Directions >> As an exercise, transcribe the data below in full and exactly, omitting pictures.

Information shown >>
::::::::::
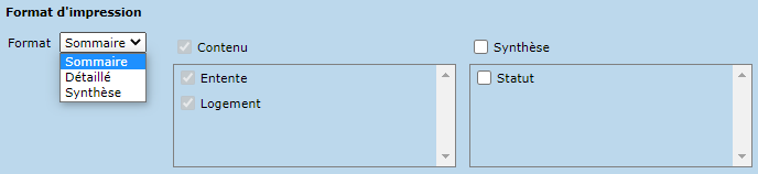 Le format synthèse présente un résumé des informations par statut.
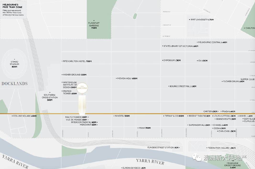 项目位于Collins Street和King Street交界处,这里不单便捷,而且更是精英和精致的象征,Collins Street被评为墨尔本第一街,是著名的金融街和奢侈品街,除了其他市区街道的优点以外,这里还是被历史沉淀、被艺术熏陶的古老街道!
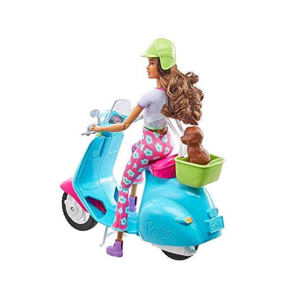 Barbie è pronta per qualsiasi avventura insieme al suo cagnolino con una t-shirt alla moda con grafica LOVE, pantaloni a zampa di fiori stampati ed eleganti sneakers con plateau.
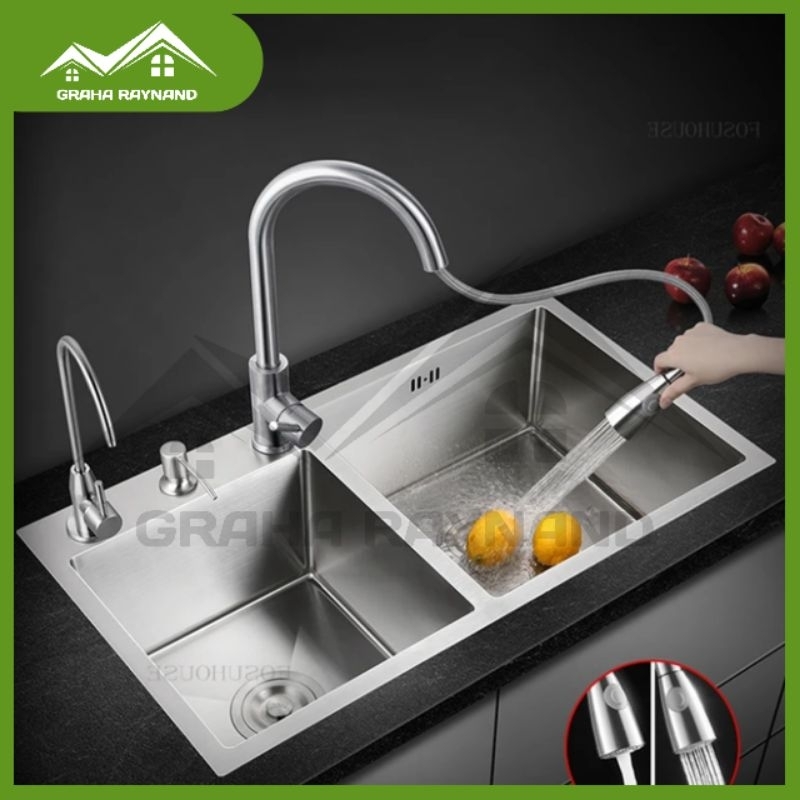 Paket Kitchen Sink 2 Lubang Silver Edition | Ukuran 82 cm x 45 cm
::::::::::
Result of this exercise >>
 Le format synthèse présente un résumé des informations par statut.
 项目位于Collins Street和King Street交界处,这里不单便捷,而且更是精英和精致的象征,Collins Street被评为墨尔本第一街,是著名的金融街和奢侈品街,除了其他市区街道的优点以外,这里还是被历史沉淀、被艺术熏陶的古老街道!
 Barbie è pronta per qualsiasi avventura insieme al suo cagnolino con una t-shirt alla moda con grafica LOVE, pantaloni a zampa di fiori stampati ed eleganti sneakers con plateau.
 Paket Kitchen Sink 2 Lubang Silver Edition | Ukuran 82 cm x 45 cm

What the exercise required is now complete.